= The Pipeline =

American Internet service provider

The Pipeline was one of the earliest American Internet service providers. It was founded in December 1993 in New York City by the science and technology writer James Gleick and computer programmer Uday Ivatury, who had met at the Manhattan Bridge Club and shared an interest in online bridge. Both men believed that a graphical user interface would make the Internet more widely accessible than the command-line Unix commands that were then generally necessary.

When the Pipeline was established, the major online services of the day—America Online, CompuServe, and Prodigy—provided their users with no access or very limited access to the internet. Many users welcomed Pipeline as "AOL for the Internet". The software was distributed in the then-popular Book + CD format.
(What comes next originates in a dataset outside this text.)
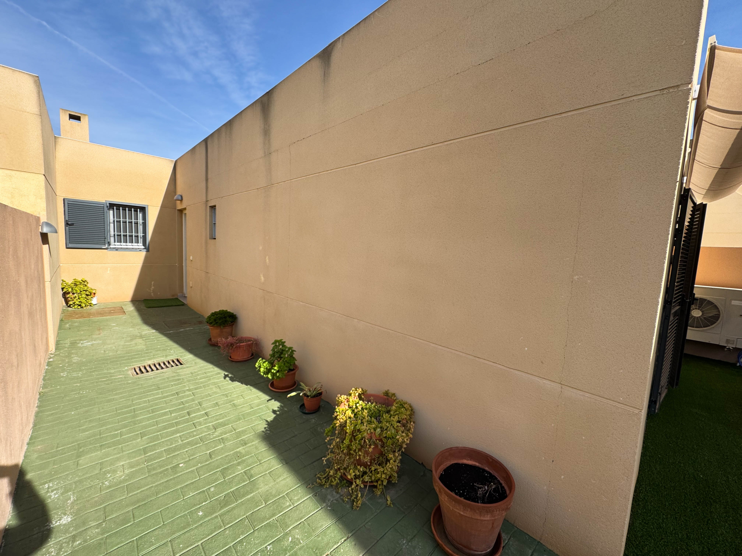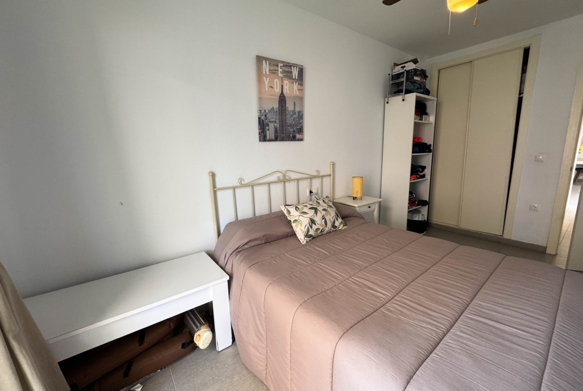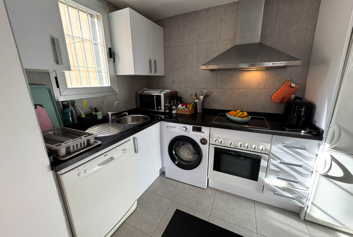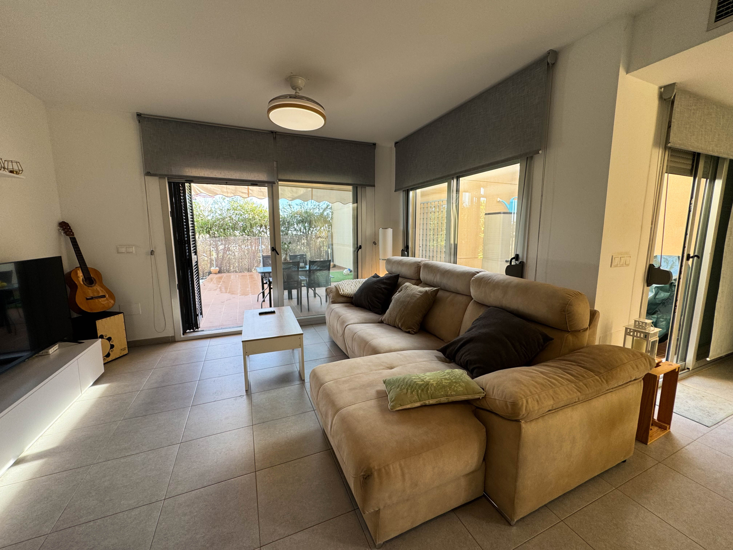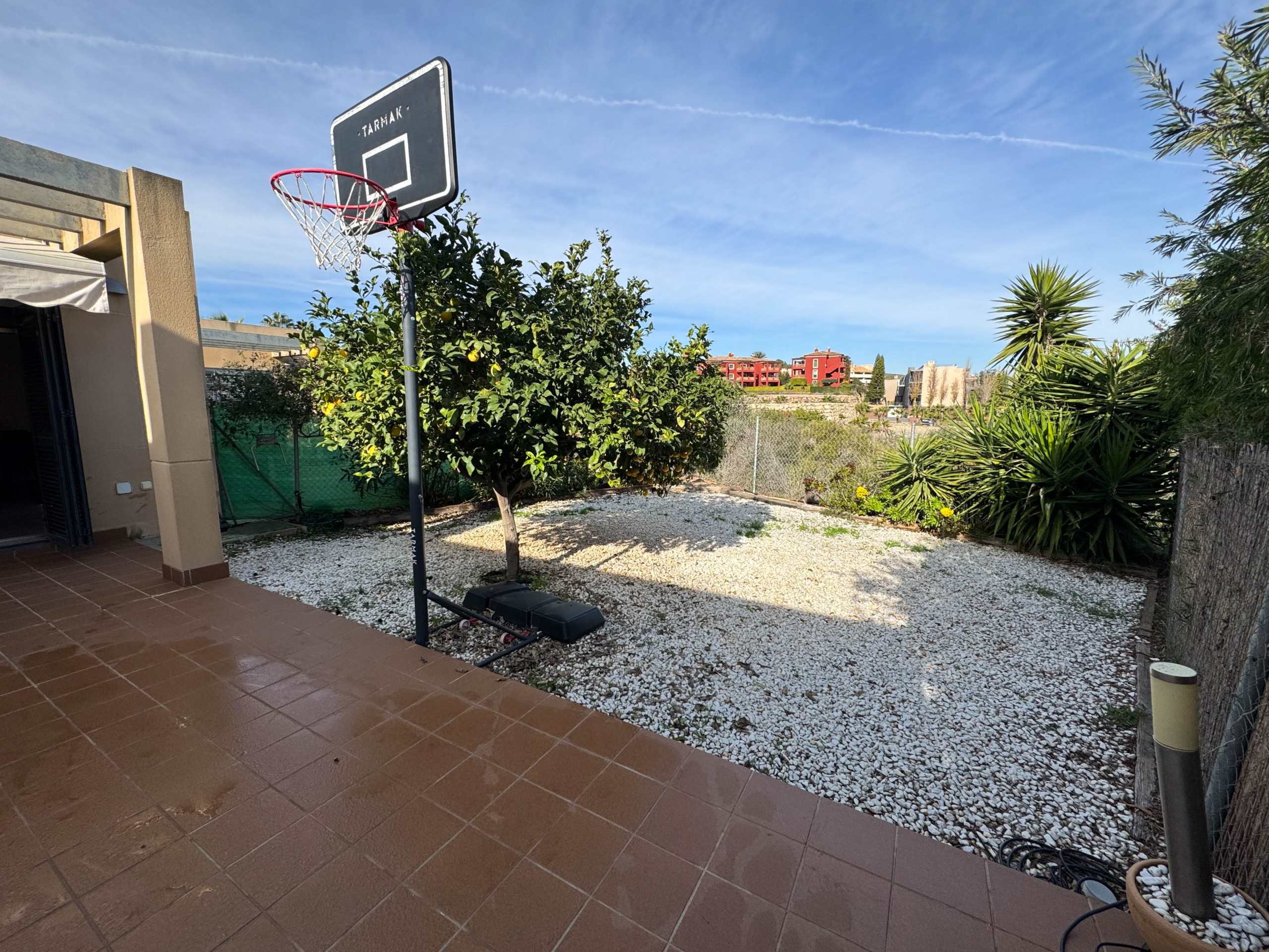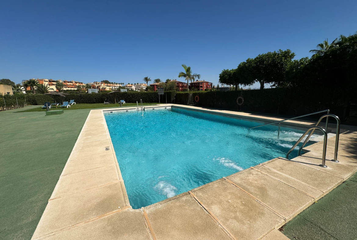 The property features terraces, a 58 m² back patio, and a 7 m² interior patio that has the potential to be converted into a third bedroom. An awning provides shade and comfort for enjoying the outdoors on sunny days. The development offers a communal swimming pool and beautiful gardens, perfect for relaxing and socializing with neighbors.

The Pipeline was noted for its point-and-click user interface, which made e-mail, chat, Usenet, the World Wide Web, FTP, and other Internet features easily accessible to users. Gleick and Ivatury licensed the Pipeline software through InterCon Systems Corporation to more than 15 other Internet service providers, including Ireland On-Line and Caltech.
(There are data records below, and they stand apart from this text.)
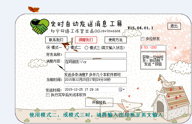 邦宁网络工作室QQ定时消息发送v15.04.01.1 更新:
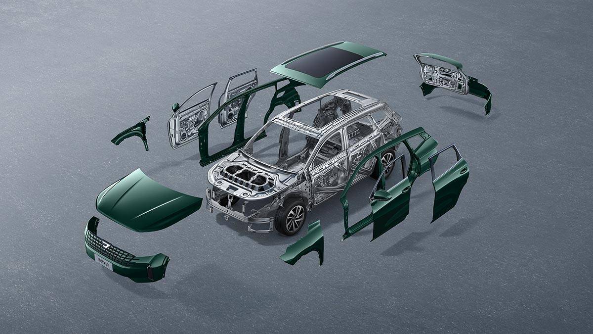 捷达vs8整车使用高强度钢的占比达到了80%,其中热成形钢的占比达到了26%,包括车辆的前/后防撞梁、a/b柱以及座椅框架。
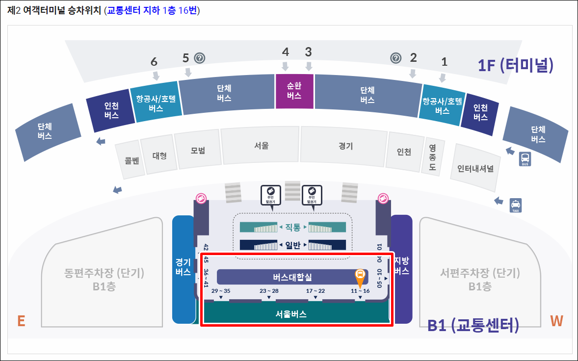 인천공항 제2 여객터미널 승차위치는 교통센터 지하 1층 16번 출구에서 탑승.
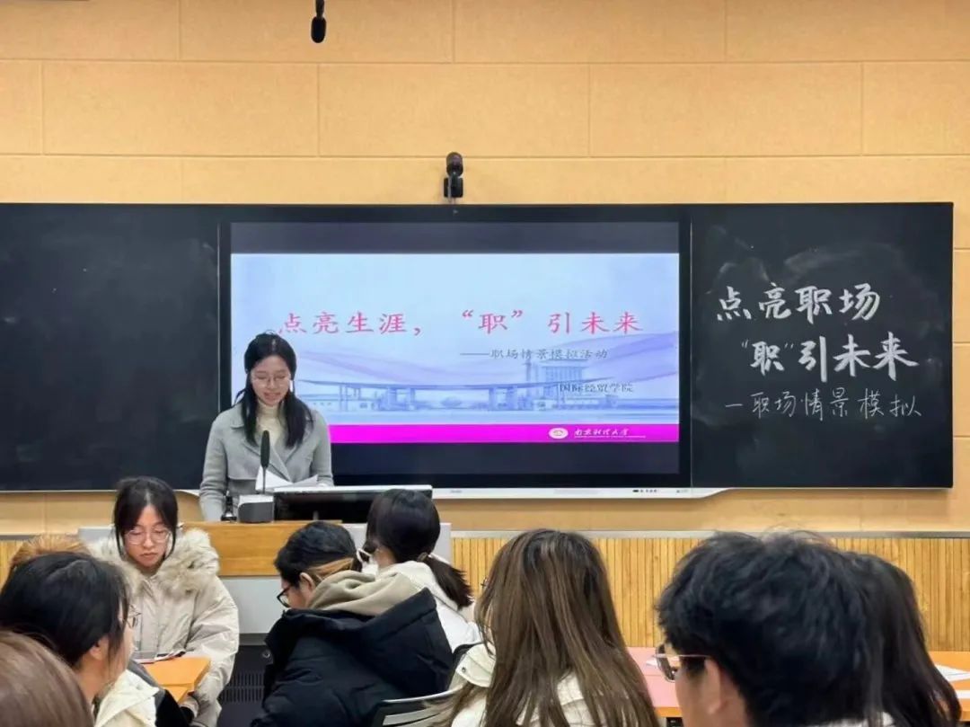 在博文楼举办了“点亮职场,‘职’引未来” 职场情景模拟活动,此次活动邀请到国实2101陈又苹、国实2201王若辰和金工2201韩震进行经验分享。

The Pipeline was purchased in February 1995 by PSINet, which expanded Pipeline service nationwide. Another feature introduced by PSInet was flat pricing for unlimited Internet usage.

In July 1996, PSINet sold its consumer Internet operations, including the Pipeline, to MindSpring. MindSpring discontinued the use of the Pipeline brand, although former Pipeline customers could continue to use their e-mail addresses in the Pipeline domain. Three years later, MindSpring merged with EarthLink. Earthlink, too, allows former Pipeline customers to use their Pipeline e-mail addresses.